----- Records provided
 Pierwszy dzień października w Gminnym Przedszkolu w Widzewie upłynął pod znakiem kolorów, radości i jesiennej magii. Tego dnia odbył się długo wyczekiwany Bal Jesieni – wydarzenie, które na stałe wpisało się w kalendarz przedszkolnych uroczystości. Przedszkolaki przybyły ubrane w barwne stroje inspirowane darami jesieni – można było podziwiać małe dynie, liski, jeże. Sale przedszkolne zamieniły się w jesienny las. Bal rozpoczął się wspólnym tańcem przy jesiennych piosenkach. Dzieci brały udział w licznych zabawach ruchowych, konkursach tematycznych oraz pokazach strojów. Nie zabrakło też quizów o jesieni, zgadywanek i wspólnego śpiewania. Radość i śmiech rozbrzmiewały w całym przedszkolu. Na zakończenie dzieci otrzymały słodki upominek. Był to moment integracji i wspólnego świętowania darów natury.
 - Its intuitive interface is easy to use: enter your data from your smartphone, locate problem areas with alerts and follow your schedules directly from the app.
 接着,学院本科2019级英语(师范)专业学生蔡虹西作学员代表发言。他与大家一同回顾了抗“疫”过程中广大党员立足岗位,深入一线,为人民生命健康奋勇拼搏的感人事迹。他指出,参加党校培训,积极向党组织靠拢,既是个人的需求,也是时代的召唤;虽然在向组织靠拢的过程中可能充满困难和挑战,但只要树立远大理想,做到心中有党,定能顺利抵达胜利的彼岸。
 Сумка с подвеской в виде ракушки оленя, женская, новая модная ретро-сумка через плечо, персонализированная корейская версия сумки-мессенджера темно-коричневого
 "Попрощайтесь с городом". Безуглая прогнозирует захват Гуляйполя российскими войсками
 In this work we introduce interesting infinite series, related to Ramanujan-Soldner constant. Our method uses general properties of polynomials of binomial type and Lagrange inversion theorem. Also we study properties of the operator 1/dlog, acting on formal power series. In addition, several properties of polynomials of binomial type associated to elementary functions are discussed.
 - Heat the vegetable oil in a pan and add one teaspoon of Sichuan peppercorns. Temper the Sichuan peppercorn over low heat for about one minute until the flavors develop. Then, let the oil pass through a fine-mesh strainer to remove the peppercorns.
----------
- **Work instructions**:
Now write the data shown above out again, word for word.

- **Response to the task**:
 Pierwszy dzień października w Gminnym Przedszkolu w Widzewie upłynął pod znakiem kolorów, radości i jesiennej magii. Tego dnia odbył się długo wyczekiwany Bal Jesieni – wydarzenie, które na stałe wpisało się w kalendarz przedszkolnych uroczystości. Przedszkolaki przybyły ubrane w barwne stroje inspirowane darami jesieni – można było podziwiać małe dynie, liski, jeże. Sale przedszkolne zamieniły się w jesienny las. Bal rozpoczął się wspólnym tańcem przy jesiennych piosenkach. Dzieci brały udział w licznych zabawach ruchowych, konkursach tematycznych oraz pokazach strojów. Nie zabrakło też quizów o jesieni, zgadywanek i wspólnego śpiewania. Radość i śmiech rozbrzmiewały w całym przedszkolu. Na zakończenie dzieci otrzymały słodki upominek. Był to moment integracji i wspólnego świętowania darów natury.
 - Its intuitive interface is easy to use: enter your data from your smartphone, locate problem areas with alerts and follow your schedules directly from the app.
 接着,学院本科2019级英语(师范)专业学生蔡虹西作学员代表发言。他与大家一同回顾了抗“疫”过程中广大党员立足岗位,深入一线,为人民生命健康奋勇拼搏的感人事迹。他指出,参加党校培训,积极向党组织靠拢,既是个人的需求,也是时代的召唤;虽然在向组织靠拢的过程中可能充满困难和挑战,但只要树立远大理想,做到心中有党,定能顺利抵达胜利的彼岸。
 Сумка с подвеской в виде ракушки оленя, женская, новая модная ретро-сумка через плечо, персонализированная корейская версия сумки-мессенджера темно-коричневого
 "Попрощайтесь с городом". Безуглая прогнозирует захват Гуляйполя российскими войсками
 In this work we introduce interesting infinite series, related to Ramanujan-Soldner constant. Our method uses general properties of polynomials of binomial type and Lagrange inversion theorem. Also we study properties of the operator 1/dlog, acting on formal power series. In addition, several properties of polynomials of binomial type associated to elementary functions are discussed.
 - Heat the vegetable oil in a pan and add one teaspoon of Sichuan peppercorns. Temper the Sichuan peppercorn over low heat for about one minute until the flavors develop. Then, let the oil pass through a fine-mesh strainer to remove the peppercorns.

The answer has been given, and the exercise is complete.